Godfred Yeboah Dame, Attorney General & Minister of Justice
The Attorney General and Minister of Justice, Godfred Dame, has complained about the tendency of some lawyers, who belong to political parties, to resort to social media to deliberately bring the image of the judiciary into disrepute.
He has therefore proposed a live telecast of all court cases of national importance, apart from election petitions, so that the public can follow the proceedings of such cases, and make informed judgments.
Mr Dame made call yesterday when he addressed the “Open of the Bench, Bar and Faculty Conference”.
He observed that some of lawyers embark the action of deliberately denigrating the courts when their parties lose cases in the courts. He insisted that such acts have the ultimate tendency to destroy the integrity of the justice delivery institutions in the country.

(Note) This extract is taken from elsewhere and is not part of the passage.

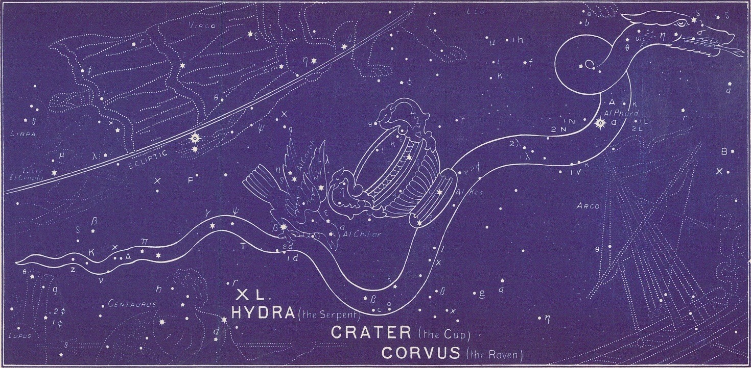 Legend. Apollo gave a feast to Jupiter and requiring water sent the raven with a cup (CRATER) to fetch some. On his way the raven noticed a fig tree, and, resting there until the figs became ripe, feasted himself upon them until, remembering his errand and fearing the anger of Apollo, he picked up a snake (HYDRA) and on his return gave as an excuse that it had prevented him from filling the cup. Apollo ordained in punishment that the raven should never drink so long as figs were not ripe, and placed the crow, cup and snake in the heavens as a memorial.

“My Lord Chief Justice, one would have thought that lawyers would have taken advantage of the blessings of the digital evolution, which I have spoken about this morning, to consolidate the importance of the legal profession and its central role in the affairs of state…
“On the contrary, recent developments disclose a systematic attempt by certain lawyers, often belonging to a side of the political divide, to deploy social media to denigrate the administration of justice through poisoned and caustic attacks on judgments of the courts, albeit unjustified,” he said.
Consequences
According to him, this is often witnessed in commentary on so-called political cases, “where some lawyers perceive the outcome to have a far-reaching consequence for the objectives of political parties they sympathise with”.
Citing the case of Akoto and Tuffour v Attorney-General, Mr Dame said even though some lawyers were quick to jump on social media to “propagate what sometimes is falsely portrayed as academic critique, they are loath to engage in a real scholarly examination of judgments of the Superior Courts.”
He therefore stressed that his recommendation for live telecast of cases of national importance is to assist in curbing the “unacceptable practices in the legal fraternity”.
According to him, the move will also enable the citizenry to decipher the arguments presented by legal practitioners and why adjudicators make certain judgments.
“Reflecting on these unhealthy developments I have spoken about, My Lord Chief Justice, sometimes, I really think the way to go is to permit more broadcasts of cases of immense national importance and not the election petition alone.
“When this is done, the poverty of legal reasoning behind certain cases dismissed by the Supreme Court and in respect of which the state emerges, the victor will be exposed for all to see,” he maintained.
Desist
The Attorney General urged lawyers to desist from such conduct and rather focus on ways they can help better the justice delivery system in the country.
“Faced with adverse rulings, some lawyers go to the rather farcical extent of actually advocating for the abolition or scrapping of our courts. The most deplorable thing about such endeavour is that many a time, their vicious comments are plainly wrong. Yet, the propagators of these wrong and dangerous ideas do not relent in their efforts to push them down the throats of the unsuspecting public.
“Such disreputable practice on the part of some lawyers, further, becomes an inducement to persons who are not members of the legal profession to launch even more savage and illogical attacks on the Judiciary. This conduct is clearly despicable, as it has the ultimate tendency to destroy the integrity of justice delivery institutions in Ghana,” he cautioned.